The alt-right, though mainly focused on social issues, takes its economic views from libertarianism, and were supporters of Ron Paul in 2008. His support fell off in his 2012 campaign because of the rapid growth in more popular hard right wing philosophies.
Andrew Anglin writes the previously cited article,
“In the early 2010’s, we saw many in the libertarian community becoming seriously disillusioned with their own movement.
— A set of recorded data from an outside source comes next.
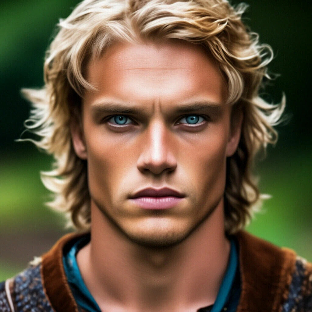 Вошедший эрл был очень красив-молодой,лет 30, светлые вьющиеся волосы, широкие плечи, с пронзительными синими глазами, легкой щетиной, он был похож на весенний ветер, который приносит грозу.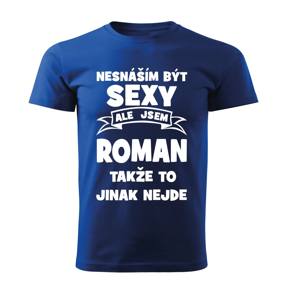 Pánské tričko Nesnáším být SEXY ale jsem ROMAN takže to jinak nejde modré 5XL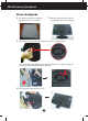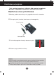 Monitoriaus prijungimas Stovo i‰ardymas 1. 3. 2. Monitori˜ pastatykite ekranu Ïemyn Ant plok‰ãio pavir‰iaus padòkite pagalvòl´ ar mink‰tà skuduròl∞. ant pagalvòlòs ar mink‰to skuduròlio. Pakeiskite savo gaminio fiksatori˜, kaip reikia, ir pasukite j∞ stròlòs kryptimi. Jegu Js negalite paimti pjedestalà nors spynos pozicija yra laisva, pra‰om paspausti spynà pagal paveikslo rodikl∞ ir pabantyti dar karta. 4. Stovà i‰traukite, kad galòtumòte j∞ nuimti.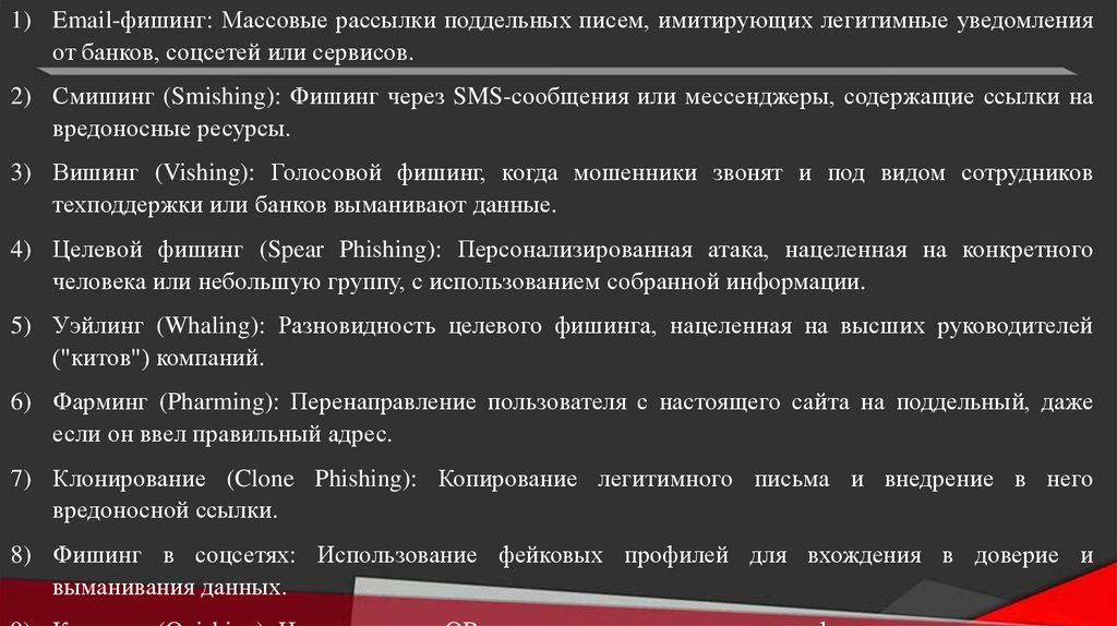1) Email-фишинг: Массовые рассылки поддельных писем, имитирующих легитимные уведомленияот банков, соцсетей или сервисов.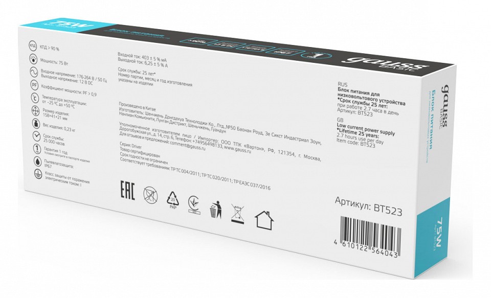 | Артикул | GA_BT523 | |

Ron Paul had failed miserably to gain traction in his 2012 Presidential bid, and much of the basic doctrine of the movement was beginning to look stale as other ways of looking at society were beginning to be presented – in particular, Fascism and National Socialism were introduced as competing alternatives to the current system of materialism, consumerism and corrupt crony capitalism.
At the same time, discussion of economics appeared to be becoming increasingly irrelevant, partially due to the immediate nature of social and cultural problems, and partially due to the development of technology making the old economic models obsolete.”
The news outlet Breitbart News is now the epicenter of the alt-right movement. One of it’s key journalists, Milo Yianoppolous, has become the poster boy of the alt-right. He is currently incredibly influential with millennial alt-righters and has cleverly used social media to spread his message.
You may recognize him as the white haired, flamboyant Brit whose videos have been shared by racist uncles all across Facebook.
The CEO of Breitbart News, Stephen Bannon, was recently the manager of Donald Trump’s presidential campaign until being replaced. The hiring of Bannon cemented Trump’s ties to the alt-right movement, further compelling their support.
To conclude, the alt-right movement is like nothing we’ve ever seen before, yet it is so reminiscent. It takes it’s ideologies from white nationalism, the German Nazi Party, and other racist/extremist sources. It is a racist and hate-fueled movement that has bred right under our noses, and now, it has it’s fingers outstretched towards the White House. It’s time to stop pretending that that we are choosing between two equally unacceptable candidates. Don’t turn the country of our families into the next Third Reich.
Don’t be the ones who have to explain to your grandchildren why you stood on the wrong side of history.
We need to stand together, not as Republicans and Democrats or Conservatives and liberals, but as Americans, and as sensible human beings who wish to preserve basic human decency, and not only defeat Donald Trump, but also to make sure that the movement that empowered him never takes hold of American politics ever again.